GOAL OF THE EXERCISE: Print the lines below from the line with "élégamment la silhouette." to the line with "8 destornilladores: 6,5" exactly, keeping both ends, and print no pictures.

Start of PROVIDED DATA

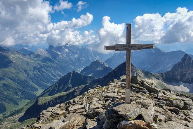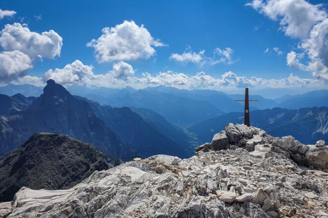 Kurz vor der italienischen Tribulaunhütte zweigst du scharf rechts ab und steigst über riesige Steinplatten zum Hohen Zahn auf. Der Hohe Zahn ist ein idealer Aussichtsgipfel direkt an der Grenze zu Südtirol. Auf der einen Seite blickst du tief ins Gschnitztal, auf der anderen weit ins Pflerschtal hinab. Die Tribulaune, die Weißwandspitze und das Panorama von den Stubaier Alpen bis in die Dolomiten runden die wilde Szenerie ab.
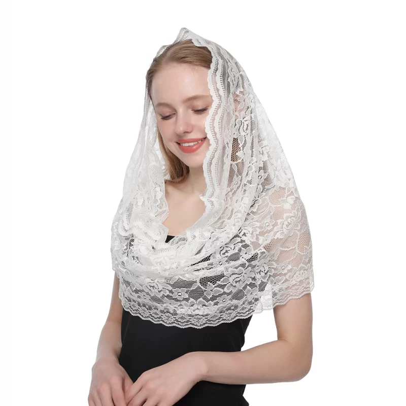 | nameOriginal | White Women Spanish Mantilla Lace Catholic Veil Chapel Scarf |
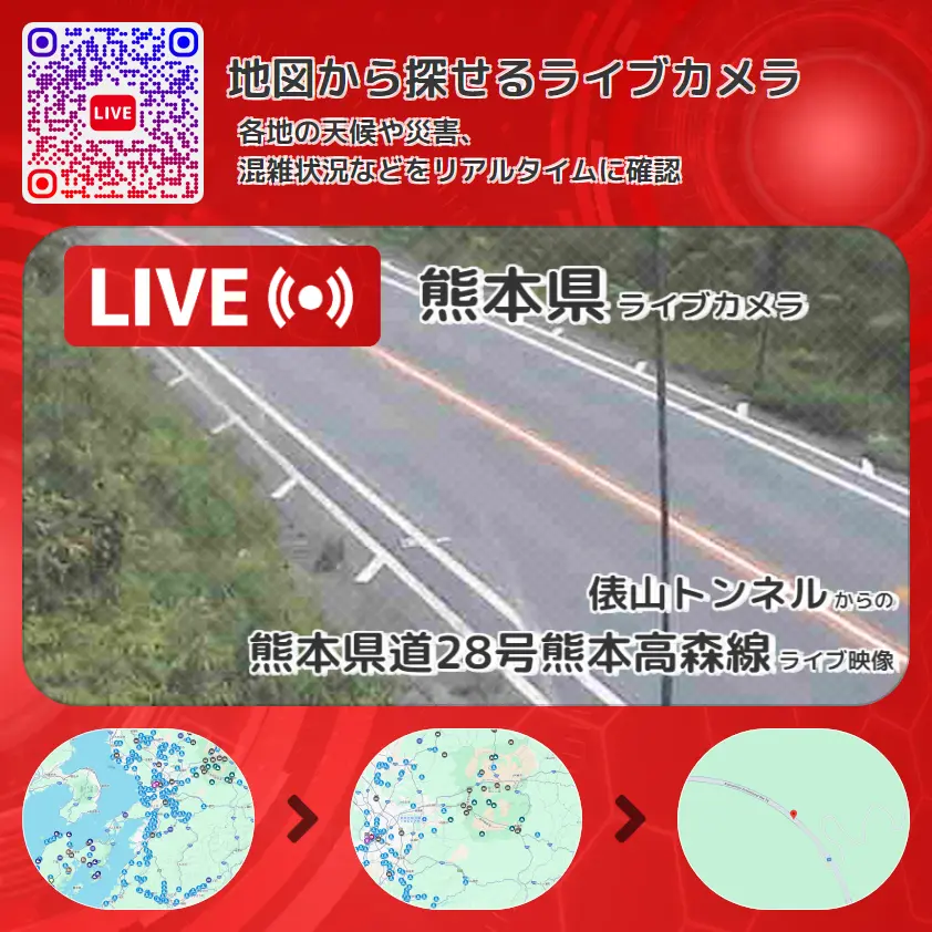 俵山トンネルから、熊本県道28号熊本高森線が確認できるライブカメラです。
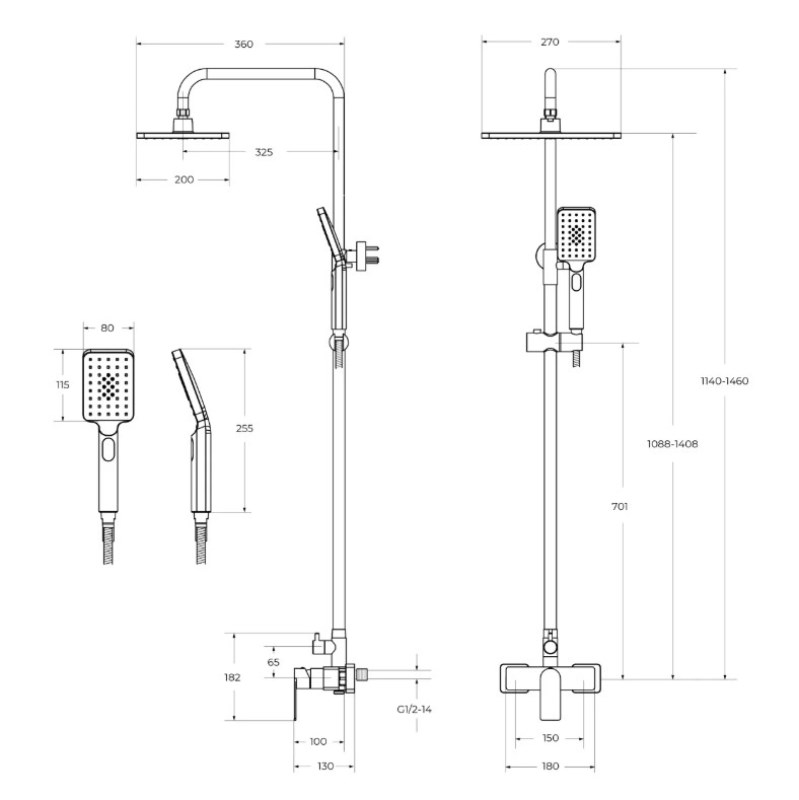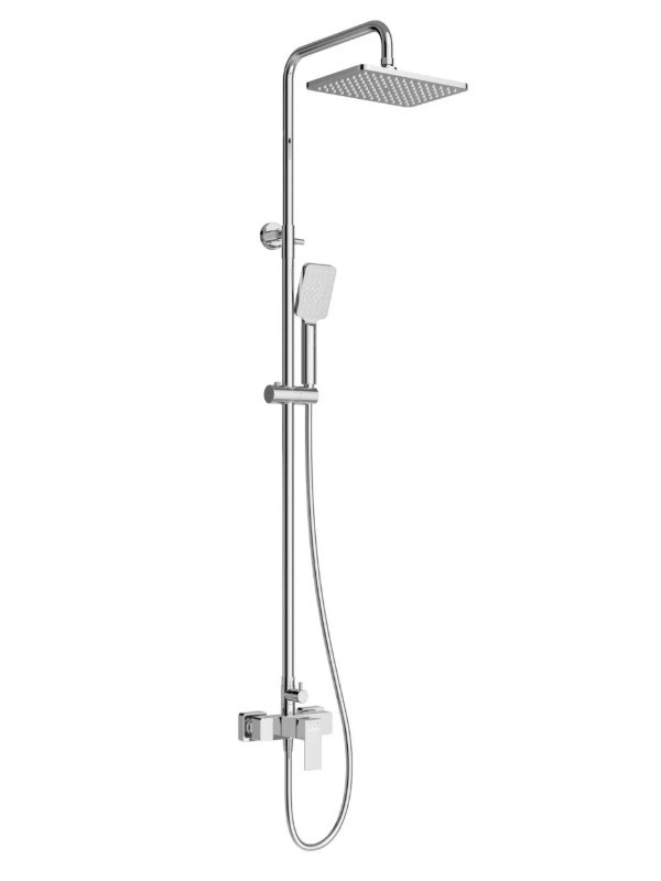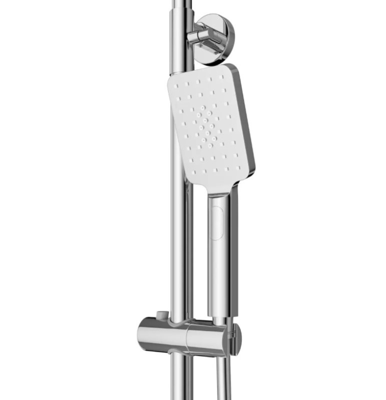 В комплекте: ручной душ, верхний душ, смеситель, душевой шланг, металлическая штанга, держатель душевой лейки, дивертор. |
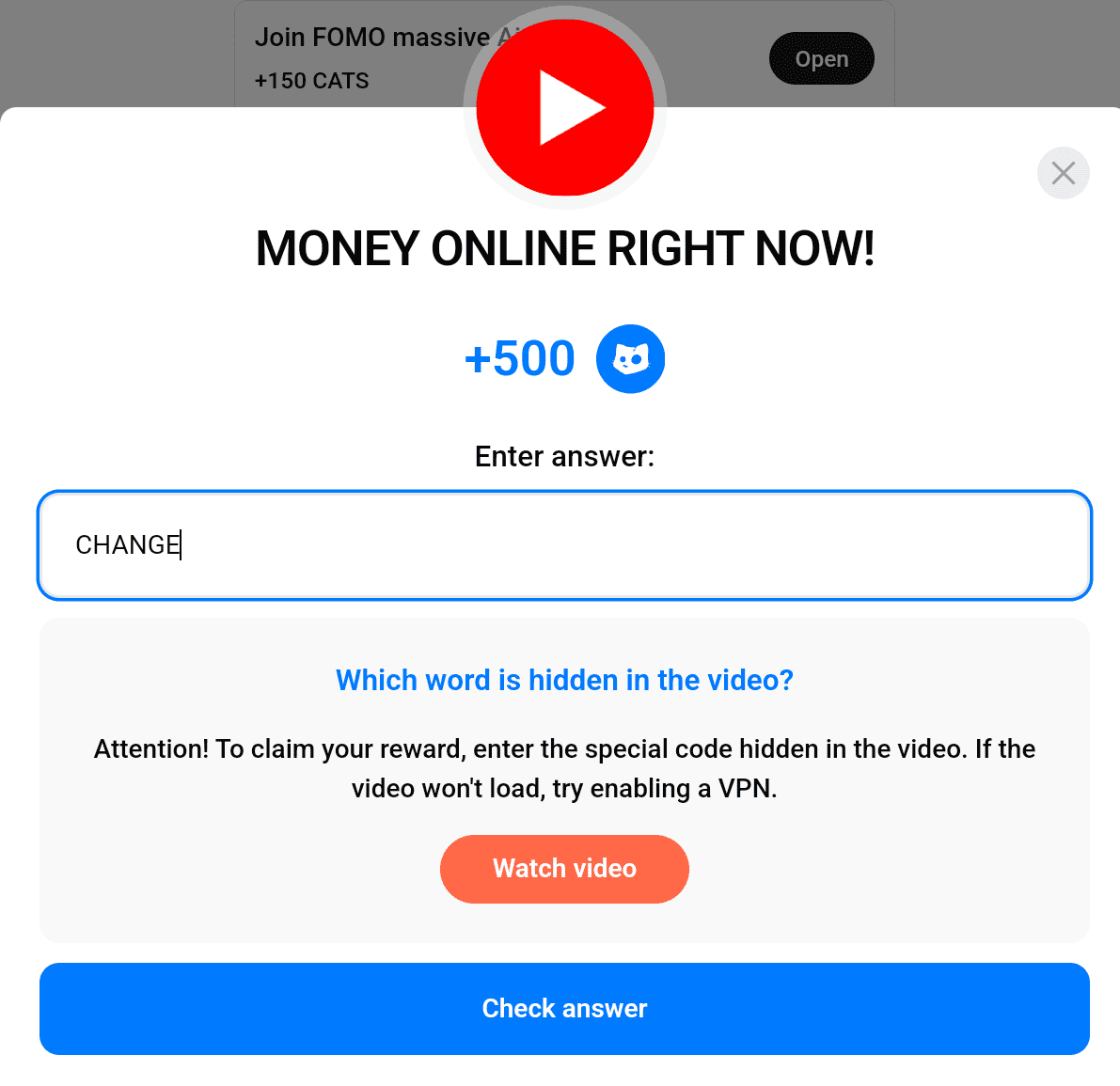 - Claim Your Reward: Enter each code correctly to receive 500 CATS tokens for each, totaling 1,500 tokens.
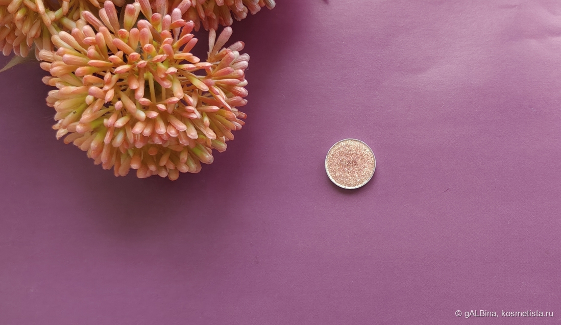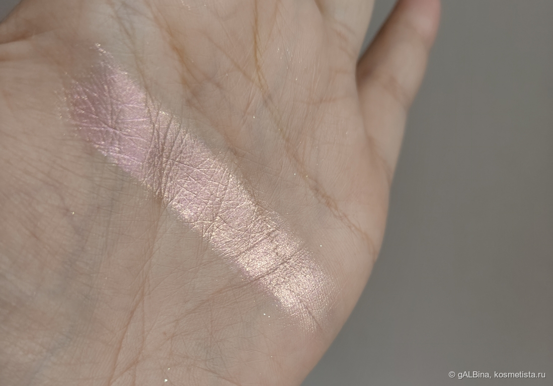 Золотистое сияние на нежно розовой базе. На влажной базе раскрывается лучше.
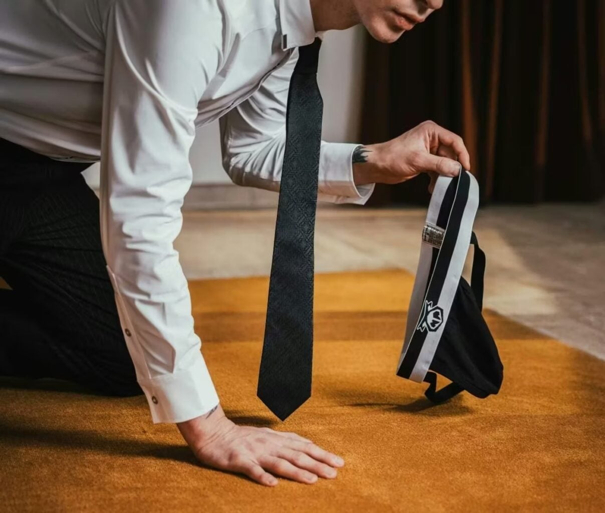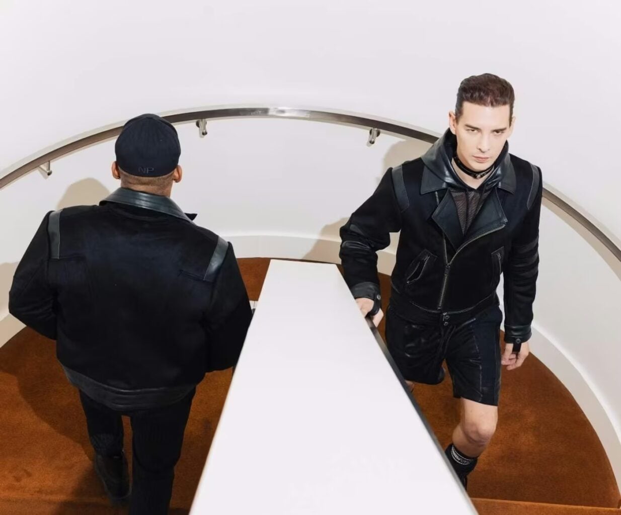 “Mergers & Acquisitions” présente plusieurs pièces phares de la collection hivernale, dont une garde-robe qui navigue entre formalité et désir brut : La Trade Dress Shirt, une chemise ajustée avec coutures façon harnais et détails métalliques; La Snout Necktie, une cravate tissée subtilement du logo de la marque; Le Trade Pant, qui ajoute une touche corporate sans perdre l’attitude Nasty Pig. Lauterstein met aussi de l’avant le Logan Jacket, une réinterprétation éditoriale du perfecto, confectionnée en laine et cuir, avec des coutures complexes et une demi-fermeture éclair qui raccourcit élégamment la silhouette.
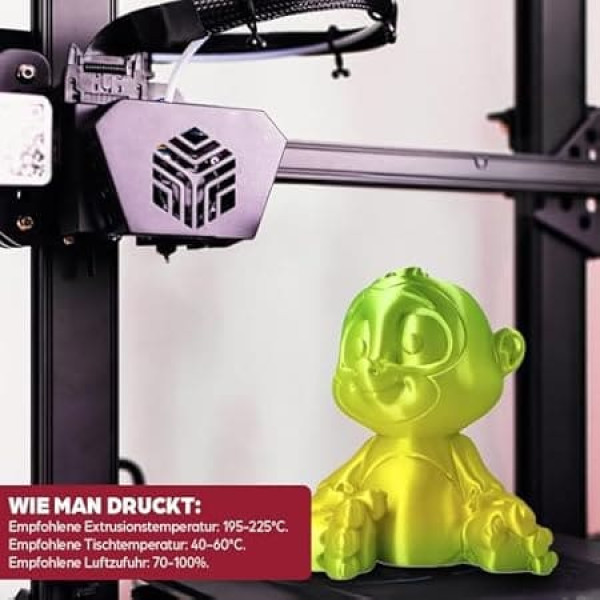 Unique Gradients Each spool PLA multicolour filament contains multiple colors in rich green tones and cheerful Brazilian yellow that blend seamlessly into each other, adding a unique character to each 3D print. It has a glossy surface, reflects the light beautifully and gives the prints a visual softness. 1 colour cycle weighs only 170g. High print quality: Thanks to the low shrinkage and excellent interlayer adhesion, you can expect detailed prints with excellent accuracy. Odourless and user-friendly: PLA Multicolour is odourless and easy to print, ideal for use on simple printers without a heated build platform. MULTIPLE USES Perfect for decorations, toys, gadgets and personalized gifts, adding color and creativity to your projects. Printing Parameters The filament can be printed on unheated tables. If you have any problems with adhesion, we recommend using a bonding agent. Recommended extrusion temperature: 195-225°C. Recommended table temperature: 40-60°C. Recommended air supply: 50-100%. If there are problems with the gloss, we recommend increasing the temperature or reducing the speed when contouring. › See more product details
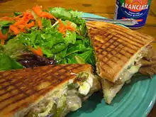 ![]() A typical panini with salami, mortadella, tomatoes and lettuce | |
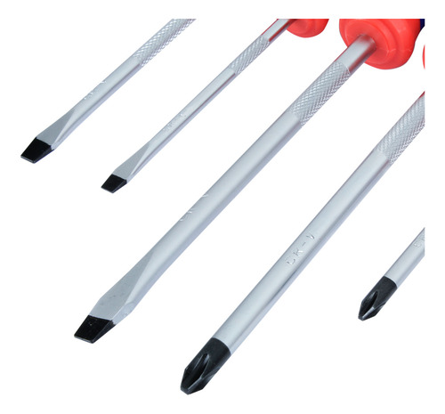 8 destornilladores: 6,5 x 38 mm, 5,5 x 100 mm, 6,5 x 100 mm, 8 x 150 mm, PH2 x 38, PH1 x 100, PH2 x 100, PH3 x 150 mm.
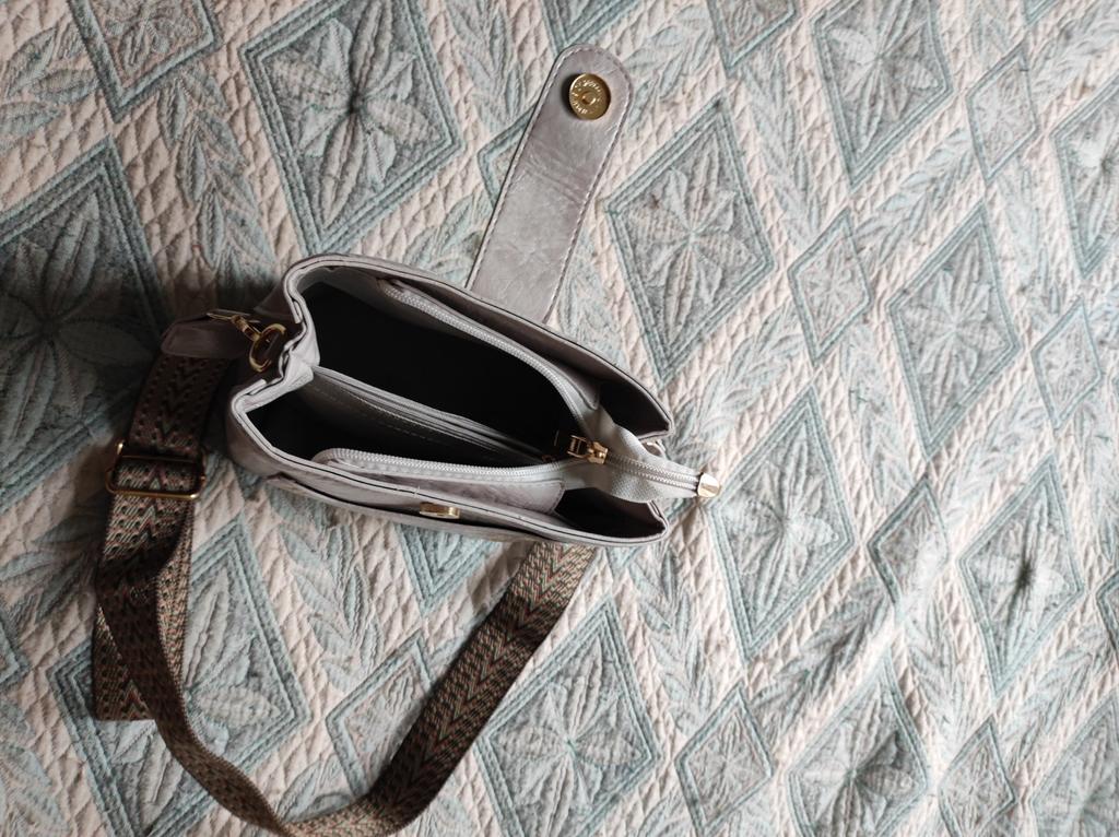 The bag is nice, but a bit small, the strap is beautiful, but for me, at 165 cm, if I put it over my shoulder, it is too short. I will have to attach another one, although it is a pity to change the original for a regular black one. Because of the short strap, I took off one star.
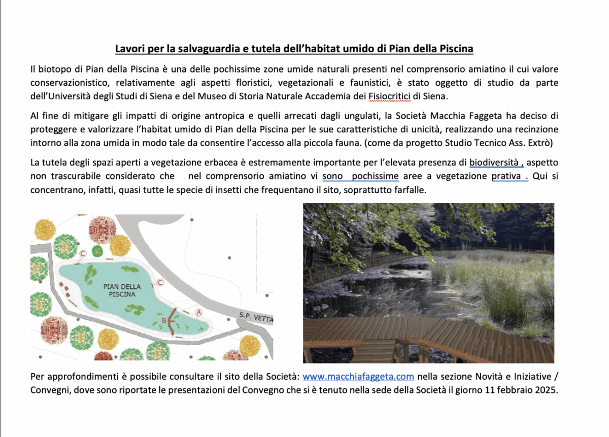 Al fine di mitigare gli impatti di origine antropica e quelli arrecati dagli ungulati, la Società Macchia Faggeta ha deciso di proteggere e valorizzare l’habitat umido di Pian della Piscina per le sue caratteristiche di unicità, realizzando una recinzione intorno alla zona umida in modo tale da consentire l’accesso alla piccola fauna. (come da progetto Studio Tecnico Ass. Extrò)

End of PROVIDED DATA

RESULT:
 “Mergers & Acquisitions” présente plusieurs pièces phares de la collection hivernale, dont une garde-robe qui navigue entre formalité et désir brut : La Trade Dress Shirt, une chemise ajustée avec coutures façon harnais et détails métalliques; La Snout Necktie, une cravate tissée subtilement du logo de la marque; Le Trade Pant, qui ajoute une touche corporate sans perdre l’attitude Nasty Pig. Lauterstein met aussi de l’avant le Logan Jacket, une réinterprétation éditoriale du perfecto, confectionnée en laine et cuir, avec des coutures complexes et une demi-fermeture éclair qui raccourcit élégamment la silhouette.
 Unique Gradients Each spool PLA multicolour filament contains multiple colors in rich green tones and cheerful Brazilian yellow that blend seamlessly into each other, adding a unique character to each 3D print. It has a glossy surface, reflects the light beautifully and gives the prints a visual softness. 1 colour cycle weighs only 170g. High print quality: Thanks to the low shrinkage and excellent interlayer adhesion, you can expect detailed prints with excellent accuracy. Odourless and user-friendly: PLA Multicolour is odourless and easy to print, ideal for use on simple printers without a heated build platform. MULTIPLE USES Perfect for decorations, toys, gadgets and personalized gifts, adding color and creativity to your projects. Printing Parameters The filament can be printed on unheated tables. If you have any problems with adhesion, we recommend using a bonding agent. Recommended extrusion temperature: 195-225°C. Recommended table temperature: 40-60°C. Recommended air supply: 50-100%. If there are problems with the gloss, we recommend increasing the temperature or reducing the speed when contouring. › See more product details
 ![]() A typical panini with salami, mortadella, tomatoes and lettuce | |
 8 destornilladores: 6,5 x 38 mm, 5,5 x 100 mm, 6,5 x 100 mm, 8 x 150 mm, PH2 x 38, PH1 x 100, PH2 x 100, PH3 x 150 mm.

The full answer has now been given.